Scan the records below for the line with "Pineapple Chili Sauce" and the line with "161-622 Kirkman Upholstered", and retype that range exactly, both ends included, pictures excepted.

[SOURCE DATA]:
# # # # #
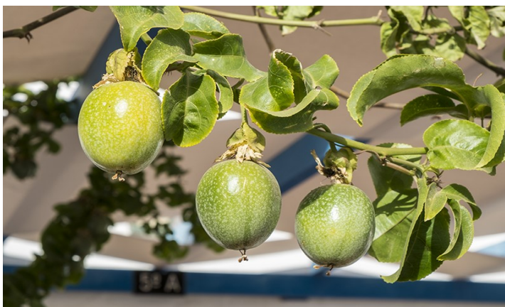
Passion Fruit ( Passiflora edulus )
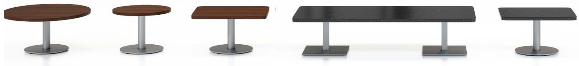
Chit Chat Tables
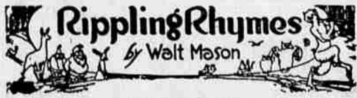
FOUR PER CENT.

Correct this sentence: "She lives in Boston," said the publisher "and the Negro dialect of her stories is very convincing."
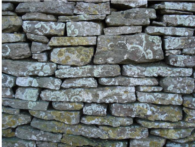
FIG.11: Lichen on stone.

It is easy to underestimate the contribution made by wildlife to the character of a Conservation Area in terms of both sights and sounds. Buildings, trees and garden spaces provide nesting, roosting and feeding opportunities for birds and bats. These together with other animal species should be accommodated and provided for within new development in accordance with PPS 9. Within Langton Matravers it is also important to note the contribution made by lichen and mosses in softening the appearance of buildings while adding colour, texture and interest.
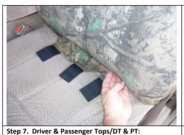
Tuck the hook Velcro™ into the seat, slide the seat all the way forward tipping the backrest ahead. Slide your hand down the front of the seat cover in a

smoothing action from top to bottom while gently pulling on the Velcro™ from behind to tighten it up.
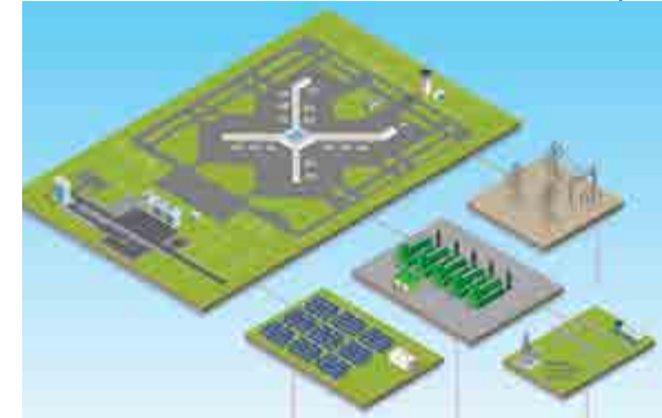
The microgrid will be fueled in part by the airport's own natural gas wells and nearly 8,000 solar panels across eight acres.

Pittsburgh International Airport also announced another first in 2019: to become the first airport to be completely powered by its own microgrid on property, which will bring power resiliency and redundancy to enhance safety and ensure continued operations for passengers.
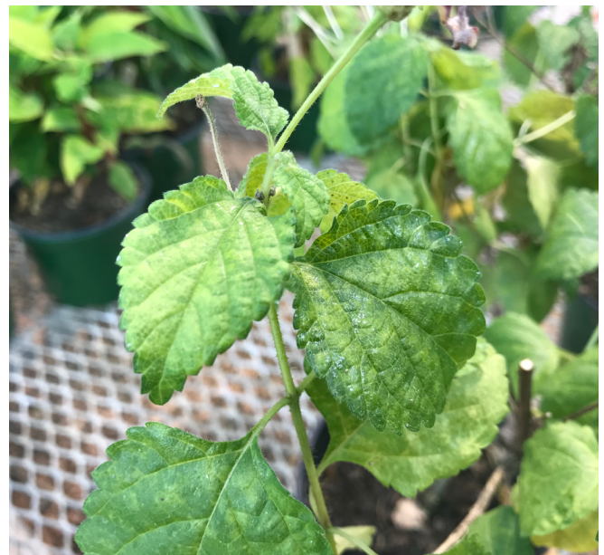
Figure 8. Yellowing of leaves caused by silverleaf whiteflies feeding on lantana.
# # # # #
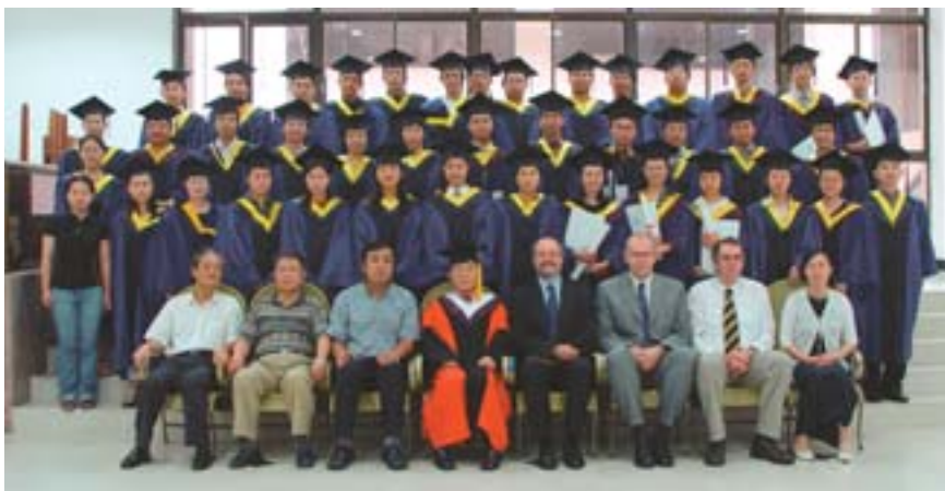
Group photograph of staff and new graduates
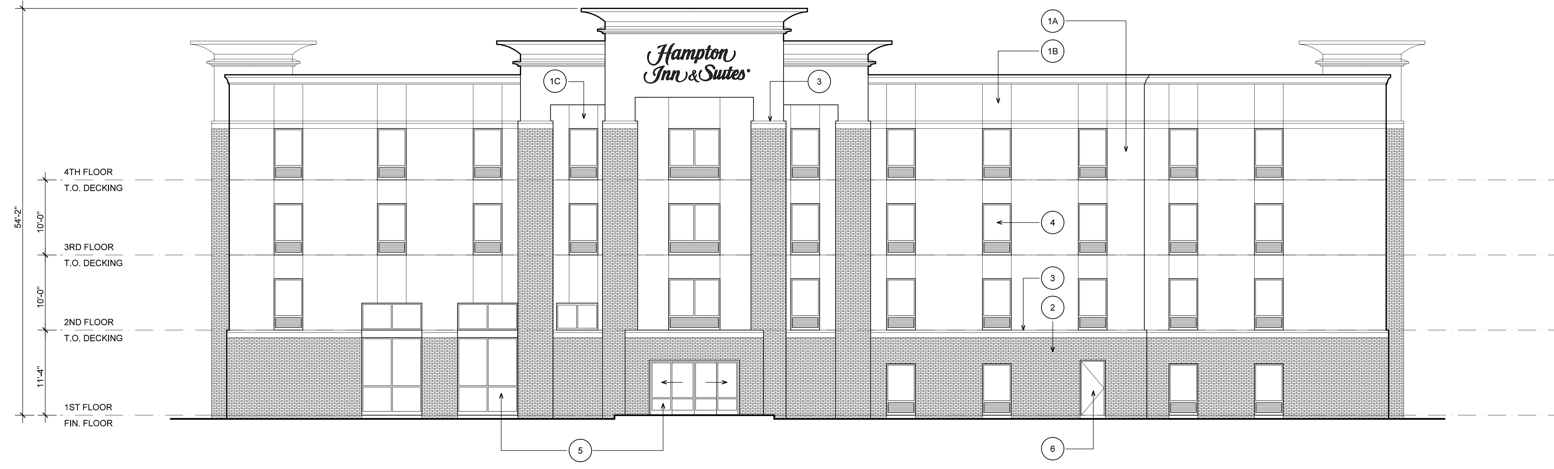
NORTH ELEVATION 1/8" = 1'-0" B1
# # # # #
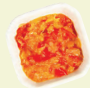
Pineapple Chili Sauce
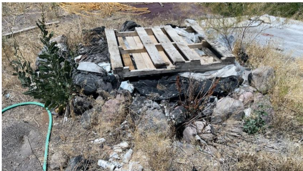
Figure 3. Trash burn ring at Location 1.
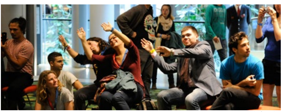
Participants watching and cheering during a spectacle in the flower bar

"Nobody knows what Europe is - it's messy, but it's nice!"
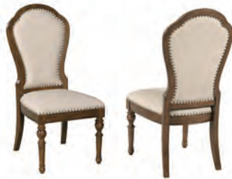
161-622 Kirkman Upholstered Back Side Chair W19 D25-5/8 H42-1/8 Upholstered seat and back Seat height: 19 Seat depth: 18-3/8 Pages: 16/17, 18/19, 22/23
# # # # #
[YOUR SOLUTION]:
Pineapple Chili Sauce
Figure 3. Trash burn ring at Location 1.
Participants watching and cheering during a spectacle in the flower bar

"Nobody knows what Europe is - it's messy, but it's nice!"
161-622 Kirkman Upholstered Back Side Chair W19 D25-5/8 H42-1/8 Upholstered seat and back Seat height: 19 Seat depth: 18-3/8 Pages: 16/17, 18/19, 22/23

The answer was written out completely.